*** Opening of Data in this exercise ***
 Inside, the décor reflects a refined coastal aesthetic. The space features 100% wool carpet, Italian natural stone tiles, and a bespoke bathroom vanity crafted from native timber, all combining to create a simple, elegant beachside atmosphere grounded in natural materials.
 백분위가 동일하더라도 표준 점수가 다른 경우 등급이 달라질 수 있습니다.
*** Close of Data in this exercise ***
*** Opening of Data in this exercise ***
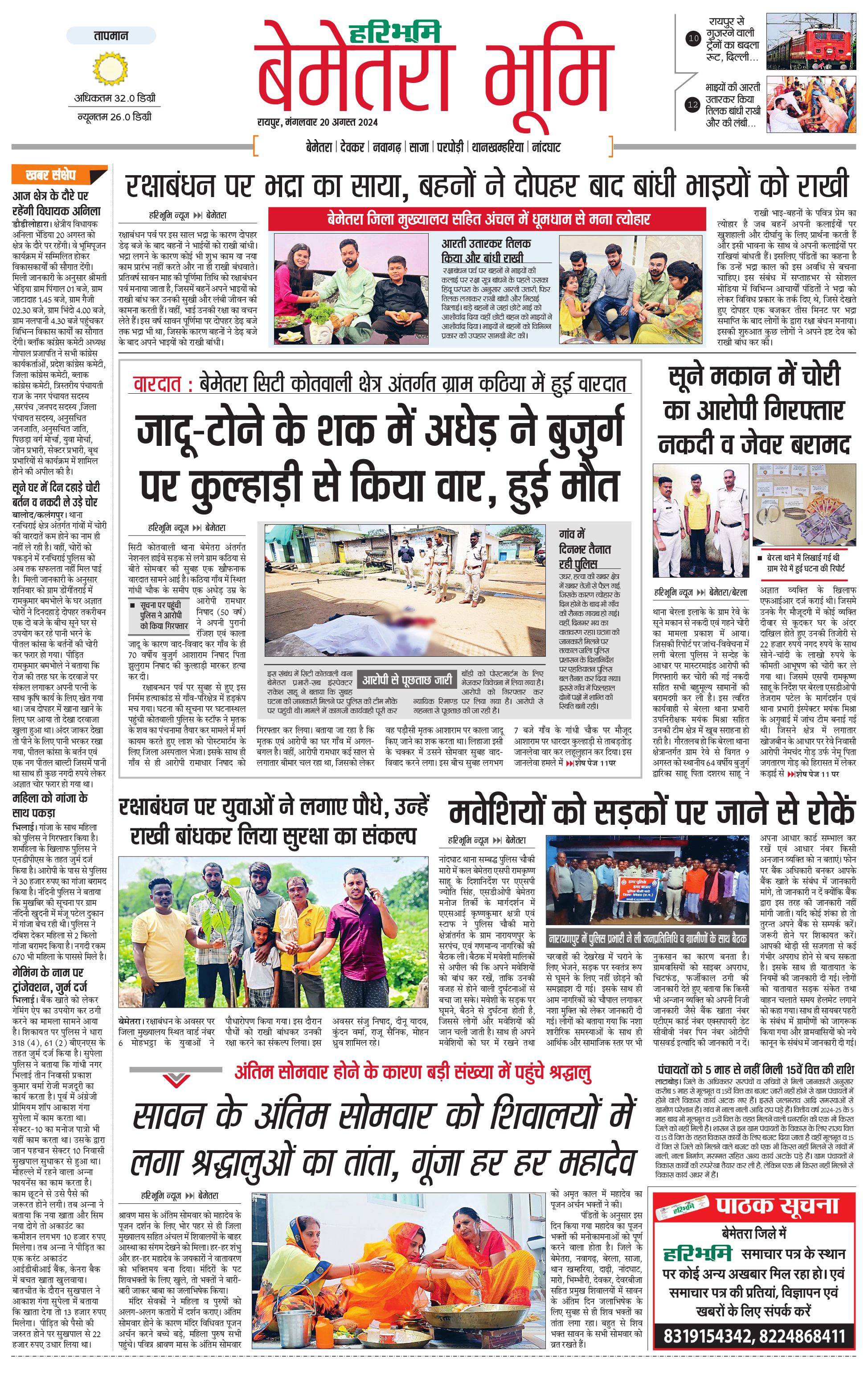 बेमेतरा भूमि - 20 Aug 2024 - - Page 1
*** Close of Data in this exercise ***
__Task item__.
What you return should be exactly the lines above, starting at the one with "Inside, the décor" and ending at the one with "백분위가 동일하더라도 표준 점수가 다른 경우 등급이 달라질 수 있습니다.", and nothing else.

__Finished exercise__.
 Inside, the décor reflects a refined coastal aesthetic. The space features 100% wool carpet, Italian natural stone tiles, and a bespoke bathroom vanity crafted from native timber, all combining to create a simple, elegant beachside atmosphere grounded in natural materials.
 백분위가 동일하더라도 표준 점수가 다른 경우 등급이 달라질 수 있습니다.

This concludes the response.